§ **Problem statement**
Using the records below, give again exactly the lines from the line that contains "For Samsung s26" through the line that contains "закрытия T352701, дюропласт;", both ends included, and only those.

Source data: Begin

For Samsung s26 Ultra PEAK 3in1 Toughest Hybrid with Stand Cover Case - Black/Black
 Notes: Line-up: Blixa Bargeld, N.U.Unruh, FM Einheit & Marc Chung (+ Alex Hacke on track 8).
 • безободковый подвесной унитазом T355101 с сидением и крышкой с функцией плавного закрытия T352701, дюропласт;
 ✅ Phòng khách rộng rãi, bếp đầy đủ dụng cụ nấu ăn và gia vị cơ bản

Source data: End
Source data: Begin

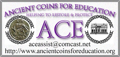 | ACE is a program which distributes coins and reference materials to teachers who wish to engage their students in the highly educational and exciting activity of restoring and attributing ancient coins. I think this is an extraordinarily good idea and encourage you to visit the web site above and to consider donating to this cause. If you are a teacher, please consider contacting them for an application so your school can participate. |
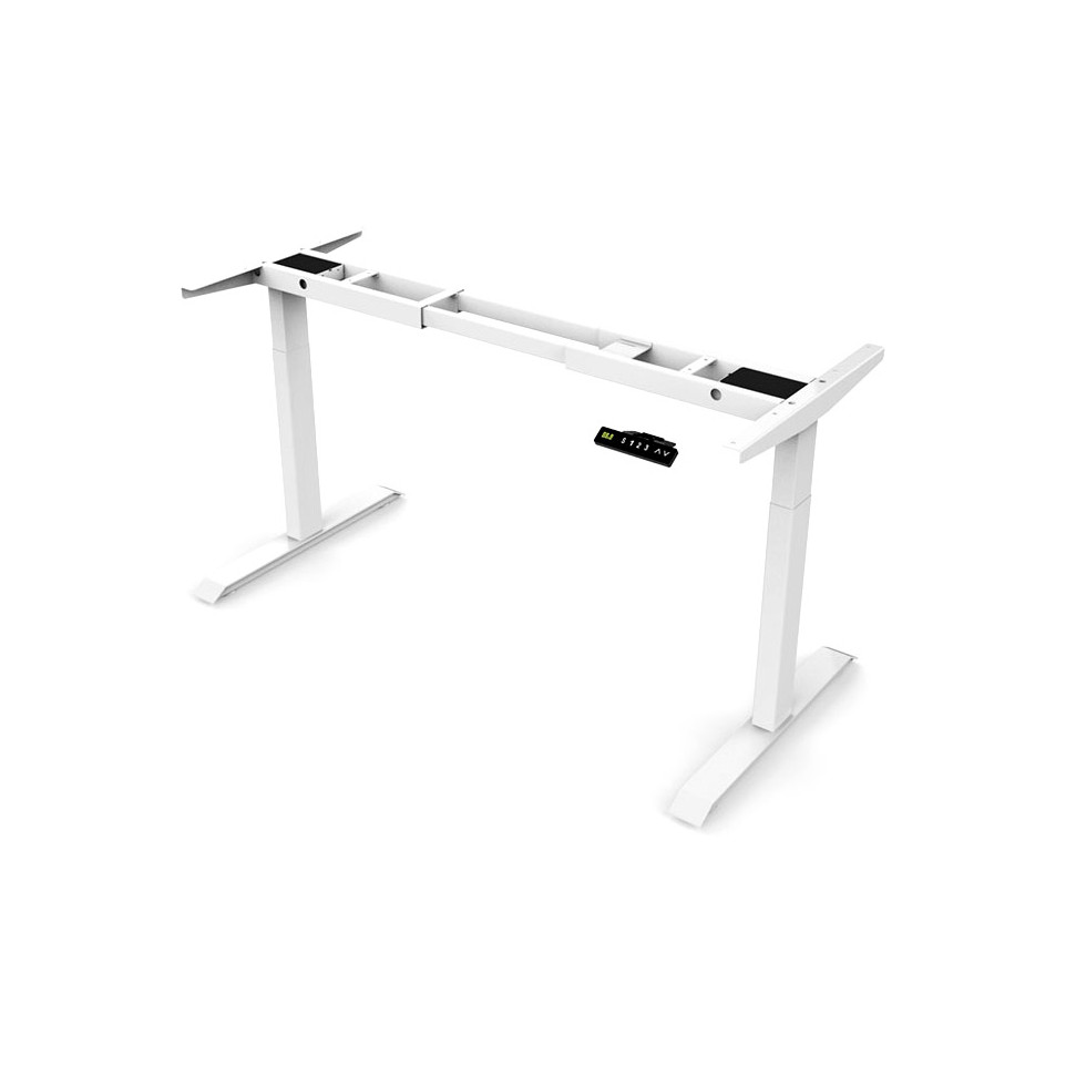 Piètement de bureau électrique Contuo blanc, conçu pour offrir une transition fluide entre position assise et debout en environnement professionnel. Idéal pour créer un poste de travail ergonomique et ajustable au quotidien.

Source data: End
Source data: Begin

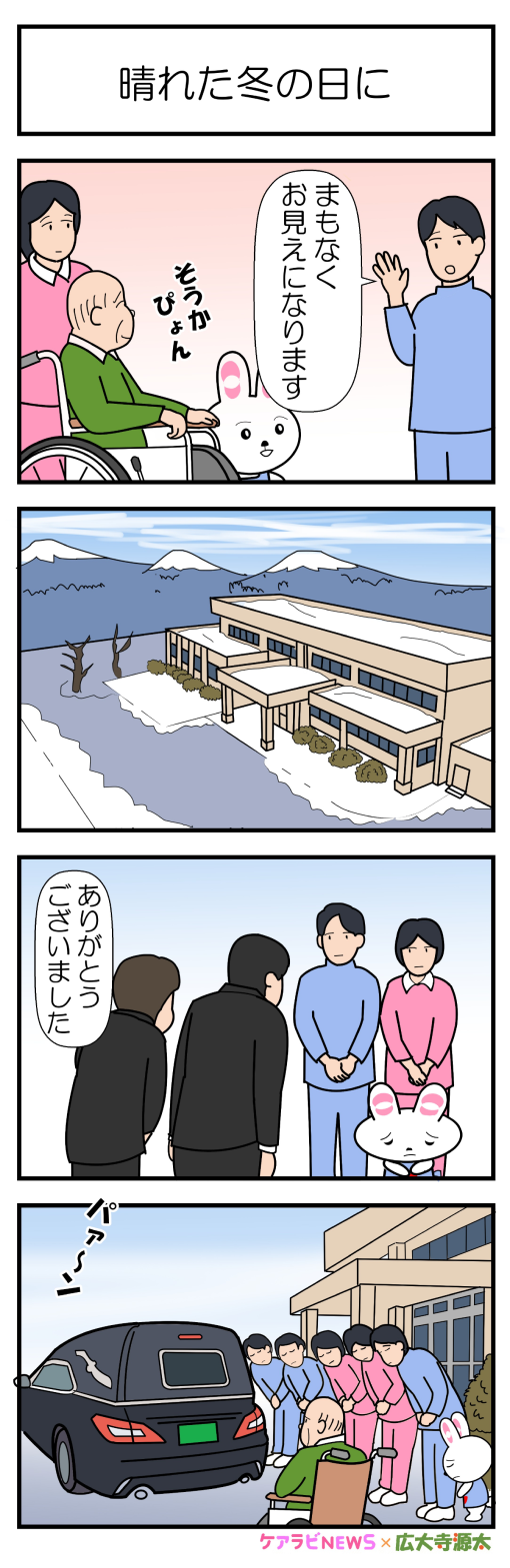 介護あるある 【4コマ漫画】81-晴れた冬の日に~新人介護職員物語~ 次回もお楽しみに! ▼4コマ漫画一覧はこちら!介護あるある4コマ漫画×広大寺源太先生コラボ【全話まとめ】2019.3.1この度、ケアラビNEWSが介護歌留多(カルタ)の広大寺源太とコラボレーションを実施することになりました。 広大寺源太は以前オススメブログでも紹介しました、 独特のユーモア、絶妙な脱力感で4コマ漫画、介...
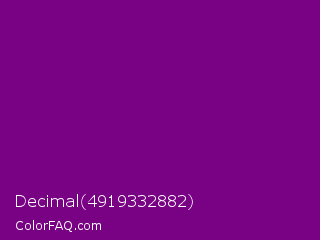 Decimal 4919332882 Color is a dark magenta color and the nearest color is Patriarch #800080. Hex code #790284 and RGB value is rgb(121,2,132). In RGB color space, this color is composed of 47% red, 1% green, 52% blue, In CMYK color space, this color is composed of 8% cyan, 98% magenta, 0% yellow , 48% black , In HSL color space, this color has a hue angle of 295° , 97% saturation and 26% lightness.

Source data: End

§ **Solution to the problem**
For Samsung s26 Ultra PEAK 3in1 Toughest Hybrid with Stand Cover Case - Black/Black
 Notes: Line-up: Blixa Bargeld, N.U.Unruh, FM Einheit & Marc Chung (+ Alex Hacke on track 8).
 • безободковый подвесной унитазом T355101 с сидением и крышкой с функцией плавного закрытия T352701, дюропласт;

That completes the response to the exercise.